- Born: KwaZulu-Natal, South Africa
- Education: Master of Laws degree from Harvard Law School (1988), Bachelor of Laws degree from University of Zululand (1980)
- Occupation: Chairperson of the South African Human Rights Commission
- Years active: 2017–present

= Bongani Christopher Majola =

Bongani Christopher Majola is an advocate of the High Court of South Africa, an academic, human rights scholar, and the previous Assistant Secretary-General of the United Nations (UN) International Criminal Tribunal for Rwanda (ICTR). He currently serves as the chairperson of the South African Human Rights Commission.

== Academic background ==

=== South African studies ===
Bongani Majola did his studies in law at the University of Zululand and obtained a Public Service Law Diploma in 1975, a Public Service Senior Law Certificate in 1977 and a Bachelor of Laws (LLB) degree in 1982. From 1982 to 1988 he was a senior lecturer and the Associate Professor of Law at the University of Bophuthatswana where he was responsible for teaching law courses to undergraduate and postgraduate students. Majola then became a professor and the dean of the law faculty at the University of the North from 1989 to 1996.

=== International studies ===
Majola obtained a Master of Laws (LLM) degree from Harvard Law School in 1988. In 1990 he spent time at the School of Advanced International Studies at Johns Hopkins University in Washington, D.C., as a visiting professor, and in 1993/4 he was at Yale University as a research fellow.

== Career ==

=== Early career ===
Majola's career began as an Administrative Clerk and Clerk of the Magistrate's Court from 1971 to 1974 in the Madadeni district in KwaZulu-Natal, where he conducted "mostly government clerical work including collection of revenue, population registration, writing reports and labour matters." His experience with criminal trials started in Madadeni when he was appointed the District Court Magistrate from 1977 to 1979, following which he was seconded to the Institute for Public Service Training at the University of Zululand as a magistrate and lecturer from 1979 to 1982 - which also coincided with his studies at the university.
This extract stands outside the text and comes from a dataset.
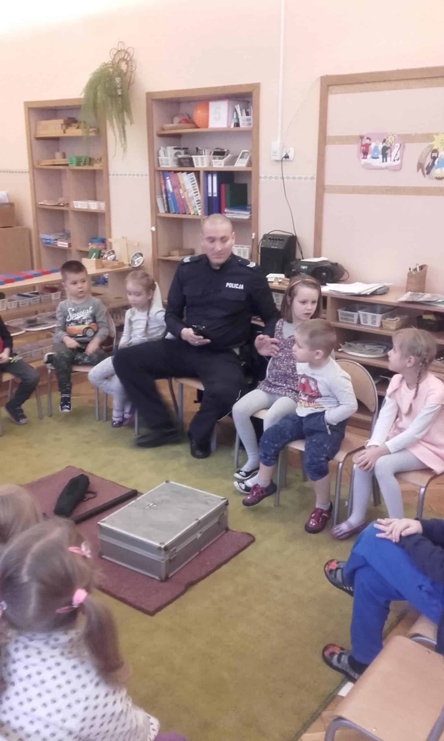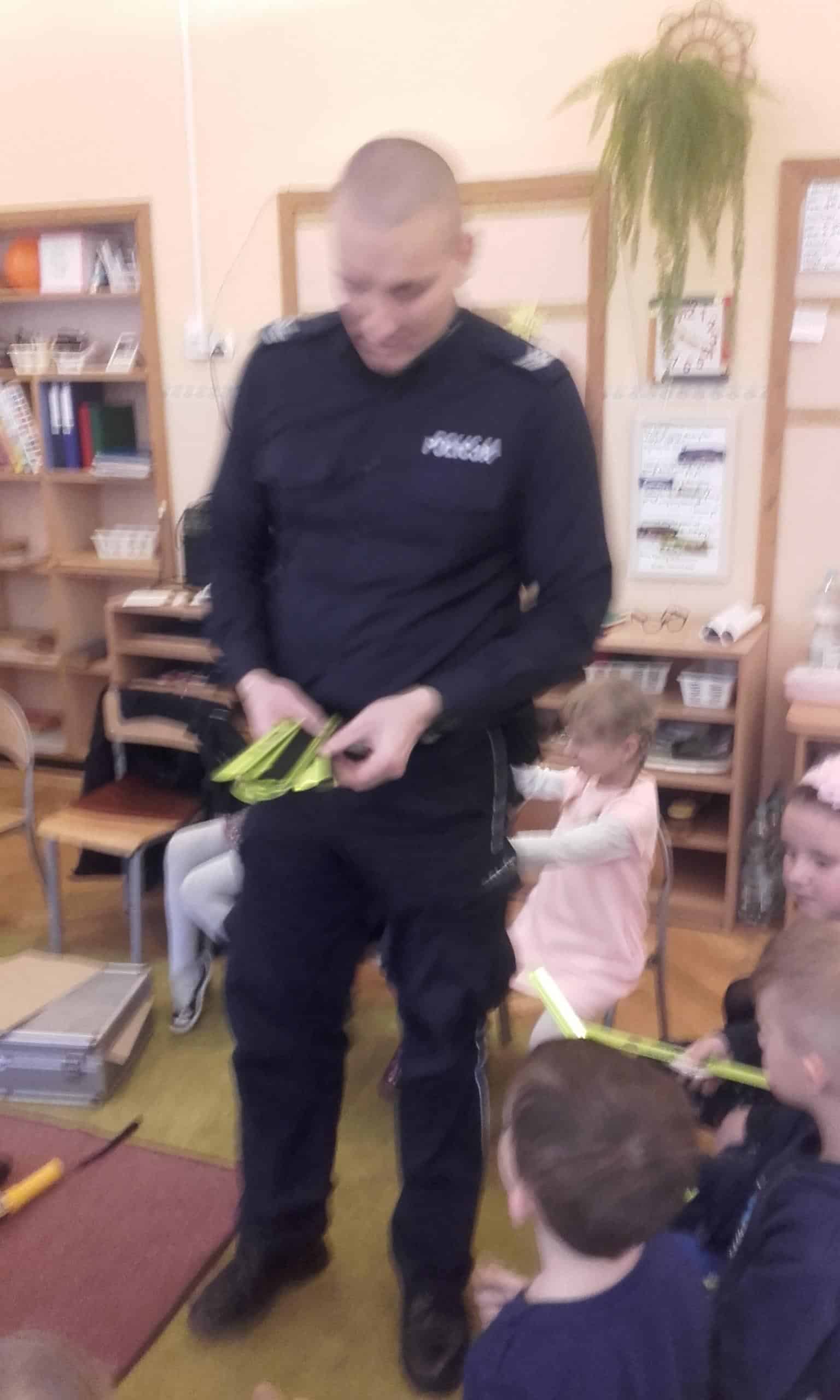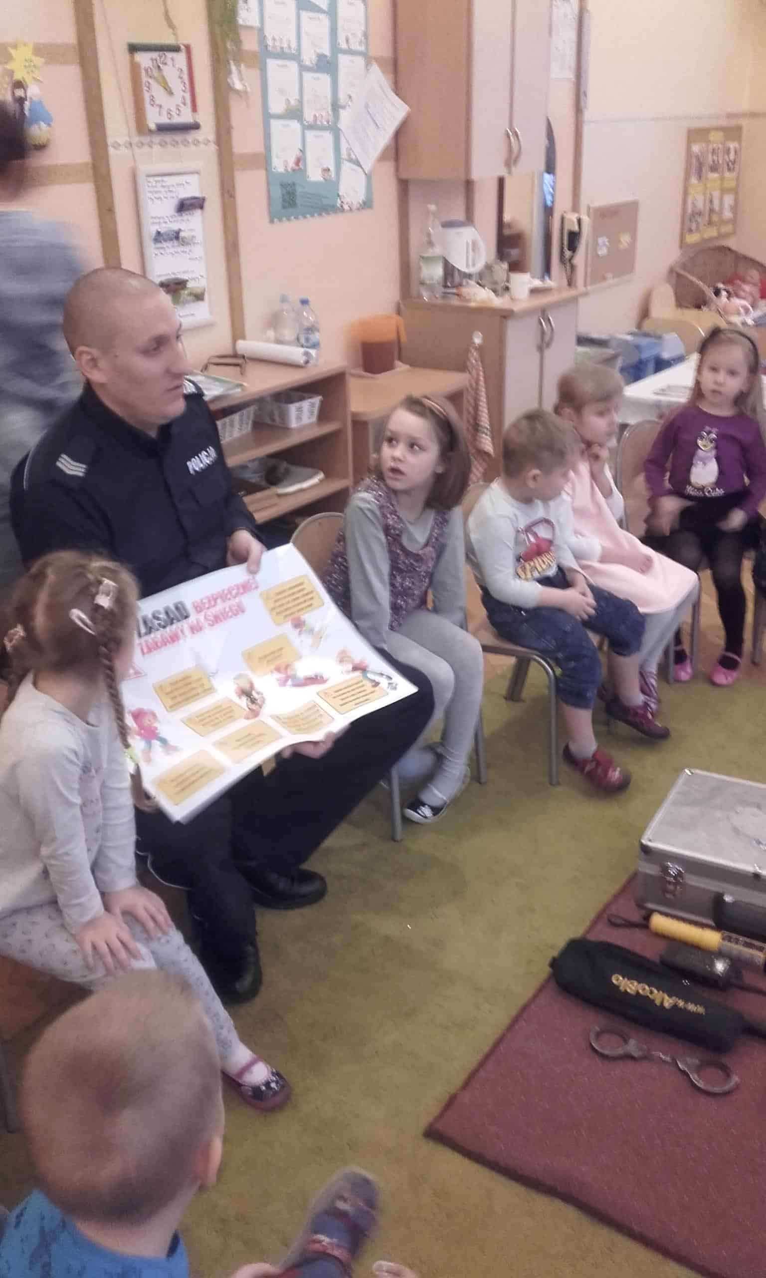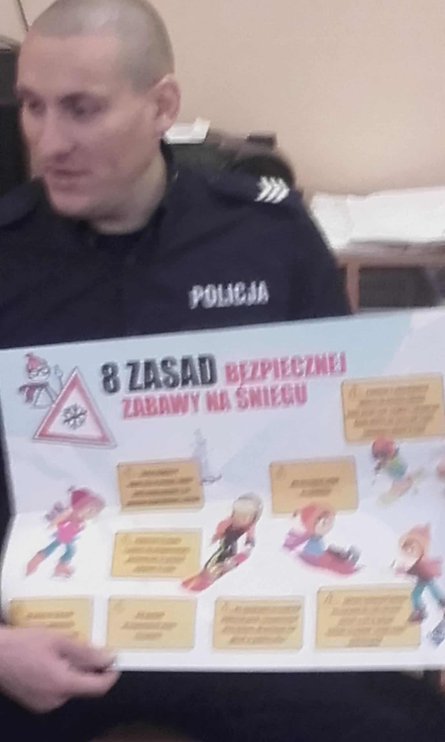 Zbliżają się ferie zimowe- czas wypoczynku, wyjazdów, zabaw na świeżym powietrzu, na śniegu, jest to również okazja do uprawiania sportów zimowych. W trosce o bezpieczeństwo dzieci do naszej grupy zaproszony został Tatuś Oksany, który jest policjantem i którego zadaniem było pomóc dzieciom utrwalić i zrozumieć zasady warunkujące bezpieczeństwo dzieci w różnych okolicznościach dnia codziennego, a szczególnie podczas zbliżających się ferii zimowych. Rozumienie konieczności przestrzegania przepisów ruchu drogowego nie tylko przez kierujących, ale także przez pieszych oraz poznanie wybranych możliwości radzenia sobie w sytuacjach zagrażających bezpieczeństwu było istotnym elementem pogadanki. Dzieci utrwaliły sobie telefony alarmowe oraz zasady przechodzenia przez jezdnię, rozwiązywały sytuacje problemowe przedstawione na obrazkach dotyczące niewłaściwego zachowania się w ruchu drogowym. Wspólnie z Panem policjantem poznały i przeanalizowały 8 zasad bezpiecznej zabawy na śniegu popartych serią kolorowych obrazków. Na zakończenie zajęcia dzieci otrzymały gadżety odblaskowe.

Majola served as a legal adviser to Theme Committee 3 of the South African Constitutional Assembly that was responsible for drafting the Constitution of South Africa in 1995.

=== Legal Resources Centre ===

After his academic career Majola moved to Johannesburg in 1996 where he was appointed the National Director of the Legal Resources Centre (LRC), which is a non-profit public interest law organisation that defends poor and marginalised people in South Africa. During his time at the LRC he was involved with the Treatment Action Campaign in 2002 in relation to the "constitutional provisions dealing with the right of access by poor people to medical [health] care." In December 2000 Majola was elected to the board of the South African arm of the Open Society Foundations by billionaire and philanthropist George Soros. On the 21st anniversary of the LRC, Majola wrote an article about the significant contributions made by the LRC to the "development of a human rights jurisprudence and the strengthening of constitutional democracy" in South Africa.

=== United Nations ===

==== ICTR Deputy Chief Prosecutor ====
In January 2003 Majola left the LRC to become the Deputy Chief Prosecutor at the UN ICTR headquartered in Arusha, Tanzania. His work included supporting the Chief Prosecutor Hassan Bubacar Jallow in "the prosecution of suspects indicted for international crimes of genocide, crimes against humanity and war crimes committed during the Rwandan genocide of 1994." In a report by the Institute of Security Studies on the investigation and prosecution of international crimes, Majola wrote an article on the work of the ICTR and the challenges pertaining to the prosecution of persons accused of "genocide, crimes against humanity and war crimes".

==== ICTR Assistant Secretary-General ====

After 10 years as the Deputy Chief Prosecutor of the ICTR, Majola was appointed by Secretary-General of the United Nations, Ban Ki-moon, as the Assistant Secretary-General of the UN and Registrar of the ICTR. His role as Registrar was to support the organs of the ICTR, which are the judges, the Chambers and the Office of the Prosecutor. His duties also included being the head of the ICTR administration where he provided court management services, staff management, administrative support and Majola "handled related litigation within the UN internal justice system." Following the successful conclusion of the mandate of the ICTR and its subsequent closure in December 2015, Majola left his position as the Assistant Secretary-General.

==== South African Human Rights Commission ====

On 2 December 2016 President Jacob Zuma appointed Majola as the chairperson of the South African Human Rights Commission. Majola's seven-year term commenced on 3 January 2017.